__WORK TO BE COMPLETED__: For this exercise, write out only the lines of the entries below from the one with "谷本拓海 vs 吉山和希(コートNo.11)" up to and including the one with "Geben Sie die", exactly as they are. Pictures stay out.

__GIVEN INFORMATION__:
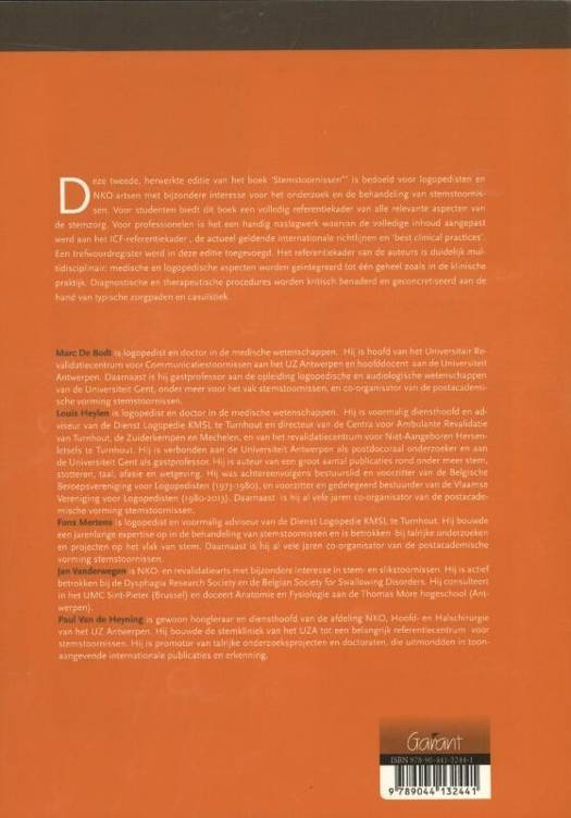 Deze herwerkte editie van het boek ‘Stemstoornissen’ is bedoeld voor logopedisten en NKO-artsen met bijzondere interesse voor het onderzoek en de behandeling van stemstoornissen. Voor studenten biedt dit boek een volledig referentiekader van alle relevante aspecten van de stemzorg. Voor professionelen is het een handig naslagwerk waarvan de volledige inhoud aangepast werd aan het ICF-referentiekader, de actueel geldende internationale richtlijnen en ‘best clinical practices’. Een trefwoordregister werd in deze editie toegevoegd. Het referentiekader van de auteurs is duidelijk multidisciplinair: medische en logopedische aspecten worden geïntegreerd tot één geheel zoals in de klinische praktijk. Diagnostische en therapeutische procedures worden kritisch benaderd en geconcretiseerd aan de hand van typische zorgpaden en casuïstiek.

* * *

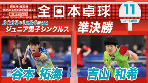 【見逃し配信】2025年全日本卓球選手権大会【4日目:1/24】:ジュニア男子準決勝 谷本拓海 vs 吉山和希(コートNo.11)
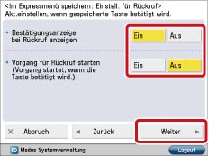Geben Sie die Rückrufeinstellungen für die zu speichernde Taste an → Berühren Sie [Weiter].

__EXERCISE RESULT__:
 【見逃し配信】2025年全日本卓球選手権大会【4日目:1/24】:ジュニア男子準決勝 谷本拓海 vs 吉山和希(コートNo.11)
Geben Sie die Rückrufeinstellungen für die zu speichernde Taste an → Berühren Sie [Weiter].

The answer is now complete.